Collection entries
_ _ _ _

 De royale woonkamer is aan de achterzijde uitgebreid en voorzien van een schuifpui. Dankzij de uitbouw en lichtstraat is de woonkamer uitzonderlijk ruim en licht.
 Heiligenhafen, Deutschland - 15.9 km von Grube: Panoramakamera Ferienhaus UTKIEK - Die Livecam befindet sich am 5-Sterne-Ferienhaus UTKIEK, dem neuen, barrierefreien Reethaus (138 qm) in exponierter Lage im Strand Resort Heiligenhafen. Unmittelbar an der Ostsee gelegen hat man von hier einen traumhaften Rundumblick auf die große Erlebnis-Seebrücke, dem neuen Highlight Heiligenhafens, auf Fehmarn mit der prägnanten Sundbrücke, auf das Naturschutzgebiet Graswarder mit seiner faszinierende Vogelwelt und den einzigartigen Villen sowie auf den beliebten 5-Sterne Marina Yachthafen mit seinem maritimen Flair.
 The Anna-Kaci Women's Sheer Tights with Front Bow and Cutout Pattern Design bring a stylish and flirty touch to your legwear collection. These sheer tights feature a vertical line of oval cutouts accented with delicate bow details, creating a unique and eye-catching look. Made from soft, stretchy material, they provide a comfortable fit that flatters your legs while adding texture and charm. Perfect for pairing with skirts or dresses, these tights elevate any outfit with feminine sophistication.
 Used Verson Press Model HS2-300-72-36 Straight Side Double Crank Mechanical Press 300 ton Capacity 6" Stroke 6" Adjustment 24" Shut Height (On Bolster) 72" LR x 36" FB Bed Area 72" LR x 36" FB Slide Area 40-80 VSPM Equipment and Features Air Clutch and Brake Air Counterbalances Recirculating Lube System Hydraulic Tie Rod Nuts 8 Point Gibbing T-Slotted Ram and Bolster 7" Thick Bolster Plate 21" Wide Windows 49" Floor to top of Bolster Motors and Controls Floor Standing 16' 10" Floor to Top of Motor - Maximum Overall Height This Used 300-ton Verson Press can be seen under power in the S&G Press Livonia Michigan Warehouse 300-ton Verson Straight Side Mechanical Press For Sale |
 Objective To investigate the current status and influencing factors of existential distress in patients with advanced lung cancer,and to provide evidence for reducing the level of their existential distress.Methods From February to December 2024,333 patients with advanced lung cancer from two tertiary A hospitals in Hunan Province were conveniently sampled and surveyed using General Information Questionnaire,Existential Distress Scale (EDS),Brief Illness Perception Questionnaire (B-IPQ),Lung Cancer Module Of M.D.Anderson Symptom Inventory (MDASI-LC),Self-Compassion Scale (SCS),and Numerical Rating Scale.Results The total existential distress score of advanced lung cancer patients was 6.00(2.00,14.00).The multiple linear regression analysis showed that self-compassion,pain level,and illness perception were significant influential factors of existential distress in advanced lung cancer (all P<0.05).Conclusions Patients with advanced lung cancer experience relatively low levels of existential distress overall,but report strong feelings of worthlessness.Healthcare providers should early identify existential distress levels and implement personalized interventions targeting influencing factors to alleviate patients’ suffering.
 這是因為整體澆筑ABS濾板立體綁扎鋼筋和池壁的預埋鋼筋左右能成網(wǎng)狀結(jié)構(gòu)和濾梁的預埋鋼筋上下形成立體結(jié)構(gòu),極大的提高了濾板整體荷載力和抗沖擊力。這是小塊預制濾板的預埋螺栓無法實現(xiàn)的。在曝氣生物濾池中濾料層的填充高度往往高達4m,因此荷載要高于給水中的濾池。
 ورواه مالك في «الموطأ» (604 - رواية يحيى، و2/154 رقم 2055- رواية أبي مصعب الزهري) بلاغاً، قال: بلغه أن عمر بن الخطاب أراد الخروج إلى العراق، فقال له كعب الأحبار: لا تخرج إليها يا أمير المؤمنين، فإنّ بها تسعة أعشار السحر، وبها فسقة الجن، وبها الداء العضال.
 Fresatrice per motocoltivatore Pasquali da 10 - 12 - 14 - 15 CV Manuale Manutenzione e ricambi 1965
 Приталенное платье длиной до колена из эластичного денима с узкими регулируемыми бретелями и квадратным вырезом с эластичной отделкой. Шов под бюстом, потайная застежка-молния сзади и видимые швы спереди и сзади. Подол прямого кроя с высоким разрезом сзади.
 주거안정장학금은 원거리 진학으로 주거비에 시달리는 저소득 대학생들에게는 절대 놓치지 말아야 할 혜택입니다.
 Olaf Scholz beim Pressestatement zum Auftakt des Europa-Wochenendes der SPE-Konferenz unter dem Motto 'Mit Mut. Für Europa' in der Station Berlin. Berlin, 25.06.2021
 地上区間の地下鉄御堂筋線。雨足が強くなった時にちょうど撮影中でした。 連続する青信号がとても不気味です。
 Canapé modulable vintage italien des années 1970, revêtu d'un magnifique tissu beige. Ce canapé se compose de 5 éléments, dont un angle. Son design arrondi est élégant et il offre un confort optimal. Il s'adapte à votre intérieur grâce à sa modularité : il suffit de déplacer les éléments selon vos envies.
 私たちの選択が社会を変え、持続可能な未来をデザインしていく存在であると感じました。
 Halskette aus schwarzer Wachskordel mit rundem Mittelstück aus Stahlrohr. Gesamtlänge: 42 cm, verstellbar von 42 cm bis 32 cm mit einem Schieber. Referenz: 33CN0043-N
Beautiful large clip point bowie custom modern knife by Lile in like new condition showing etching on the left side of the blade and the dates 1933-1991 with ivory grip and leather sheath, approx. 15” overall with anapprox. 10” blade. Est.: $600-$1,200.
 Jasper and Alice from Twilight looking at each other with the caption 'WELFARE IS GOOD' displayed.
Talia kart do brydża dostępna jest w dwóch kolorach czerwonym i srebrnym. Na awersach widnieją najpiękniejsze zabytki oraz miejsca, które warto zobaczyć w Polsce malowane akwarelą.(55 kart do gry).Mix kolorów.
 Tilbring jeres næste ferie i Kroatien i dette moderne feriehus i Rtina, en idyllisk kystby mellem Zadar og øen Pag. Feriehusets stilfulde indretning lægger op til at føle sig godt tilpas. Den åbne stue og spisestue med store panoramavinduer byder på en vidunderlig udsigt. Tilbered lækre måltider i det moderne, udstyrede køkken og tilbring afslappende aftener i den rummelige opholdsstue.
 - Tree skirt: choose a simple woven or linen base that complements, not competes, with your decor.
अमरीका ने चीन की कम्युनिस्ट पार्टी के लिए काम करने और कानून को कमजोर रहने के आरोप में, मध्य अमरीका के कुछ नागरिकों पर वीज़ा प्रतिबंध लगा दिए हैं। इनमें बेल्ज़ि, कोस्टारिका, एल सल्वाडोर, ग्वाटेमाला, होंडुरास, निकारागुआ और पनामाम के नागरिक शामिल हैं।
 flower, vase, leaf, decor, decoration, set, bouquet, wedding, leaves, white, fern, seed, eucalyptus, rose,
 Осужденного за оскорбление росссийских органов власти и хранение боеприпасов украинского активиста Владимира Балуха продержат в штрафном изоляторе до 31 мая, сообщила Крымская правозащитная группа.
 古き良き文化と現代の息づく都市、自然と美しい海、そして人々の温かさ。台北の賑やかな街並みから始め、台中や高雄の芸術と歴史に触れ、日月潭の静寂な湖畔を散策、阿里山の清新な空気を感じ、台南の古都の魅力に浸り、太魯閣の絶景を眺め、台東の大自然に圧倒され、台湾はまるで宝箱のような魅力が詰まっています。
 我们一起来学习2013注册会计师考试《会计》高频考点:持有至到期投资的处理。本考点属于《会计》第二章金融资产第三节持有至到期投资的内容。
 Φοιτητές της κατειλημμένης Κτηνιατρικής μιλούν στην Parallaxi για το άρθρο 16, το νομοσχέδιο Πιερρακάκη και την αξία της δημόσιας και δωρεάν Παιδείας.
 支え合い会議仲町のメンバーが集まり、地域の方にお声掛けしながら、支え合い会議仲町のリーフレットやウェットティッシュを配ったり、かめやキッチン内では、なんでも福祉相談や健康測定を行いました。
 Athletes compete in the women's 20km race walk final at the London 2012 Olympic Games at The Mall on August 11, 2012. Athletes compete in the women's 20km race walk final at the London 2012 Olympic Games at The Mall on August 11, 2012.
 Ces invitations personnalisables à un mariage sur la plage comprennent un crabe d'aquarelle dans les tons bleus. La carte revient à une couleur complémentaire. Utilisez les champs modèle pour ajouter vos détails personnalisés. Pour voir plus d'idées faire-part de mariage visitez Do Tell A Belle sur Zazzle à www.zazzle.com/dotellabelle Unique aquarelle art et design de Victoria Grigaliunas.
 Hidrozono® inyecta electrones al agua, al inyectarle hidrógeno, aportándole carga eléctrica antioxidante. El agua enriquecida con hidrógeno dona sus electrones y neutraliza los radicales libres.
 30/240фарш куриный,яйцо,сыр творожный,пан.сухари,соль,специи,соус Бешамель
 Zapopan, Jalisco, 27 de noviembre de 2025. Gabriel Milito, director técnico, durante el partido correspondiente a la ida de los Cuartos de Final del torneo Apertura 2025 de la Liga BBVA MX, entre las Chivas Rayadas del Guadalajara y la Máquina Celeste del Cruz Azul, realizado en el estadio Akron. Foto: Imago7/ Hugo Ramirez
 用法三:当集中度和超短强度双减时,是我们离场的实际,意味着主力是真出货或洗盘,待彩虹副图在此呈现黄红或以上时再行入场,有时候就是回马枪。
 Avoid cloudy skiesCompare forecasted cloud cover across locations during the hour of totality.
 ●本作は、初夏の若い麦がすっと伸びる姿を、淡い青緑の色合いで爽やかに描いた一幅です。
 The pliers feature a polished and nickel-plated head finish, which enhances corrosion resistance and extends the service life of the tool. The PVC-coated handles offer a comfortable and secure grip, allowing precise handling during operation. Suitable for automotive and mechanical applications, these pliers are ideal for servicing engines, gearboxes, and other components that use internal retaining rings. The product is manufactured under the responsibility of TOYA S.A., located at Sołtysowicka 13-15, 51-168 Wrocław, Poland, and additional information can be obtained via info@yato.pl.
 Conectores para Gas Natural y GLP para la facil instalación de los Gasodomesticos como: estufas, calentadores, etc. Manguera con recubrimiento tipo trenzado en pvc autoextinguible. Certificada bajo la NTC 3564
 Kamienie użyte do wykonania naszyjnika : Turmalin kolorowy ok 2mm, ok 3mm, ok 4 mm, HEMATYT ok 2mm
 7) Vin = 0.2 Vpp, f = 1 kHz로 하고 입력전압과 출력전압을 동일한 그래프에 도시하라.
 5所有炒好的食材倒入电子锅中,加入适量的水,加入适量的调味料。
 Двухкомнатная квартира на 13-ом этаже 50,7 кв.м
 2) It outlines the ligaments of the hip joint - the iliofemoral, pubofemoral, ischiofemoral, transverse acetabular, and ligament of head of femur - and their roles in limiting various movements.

_ _ _ _

**Exercise objective:** Among the records above, repeat exactly the line with "Objective To investigate", the line with "這是因為整體澆筑ABS濾板立", and every line in between, and only those.

**Output of the exercise:**
 Objective To investigate the current status and influencing factors of existential distress in patients with advanced lung cancer,and to provide evidence for reducing the level of their existential distress.Methods From February to December 2024,333 patients with advanced lung cancer from two tertiary A hospitals in Hunan Province were conveniently sampled and surveyed using General Information Questionnaire,Existential Distress Scale (EDS),Brief Illness Perception Questionnaire (B-IPQ),Lung Cancer Module Of M.D.Anderson Symptom Inventory (MDASI-LC),Self-Compassion Scale (SCS),and Numerical Rating Scale.Results The total existential distress score of advanced lung cancer patients was 6.00(2.00,14.00).The multiple linear regression analysis showed that self-compassion,pain level,and illness perception were significant influential factors of existential distress in advanced lung cancer (all P<0.05).Conclusions Patients with advanced lung cancer experience relatively low levels of existential distress overall,but report strong feelings of worthlessness.Healthcare providers should early identify existential distress levels and implement personalized interventions targeting influencing factors to alleviate patients’ suffering.
 這是因為整體澆筑ABS濾板立體綁扎鋼筋和池壁的預埋鋼筋左右能成網(wǎng)狀結(jié)構(gòu)和濾梁的預埋鋼筋上下形成立體結(jié)構(gòu),極大的提高了濾板整體荷載力和抗沖擊力。這是小塊預制濾板的預埋螺栓無法實現(xiàn)的。在曝氣生物濾池中濾料層的填充高度往往高達4m,因此荷載要高于給水中的濾池。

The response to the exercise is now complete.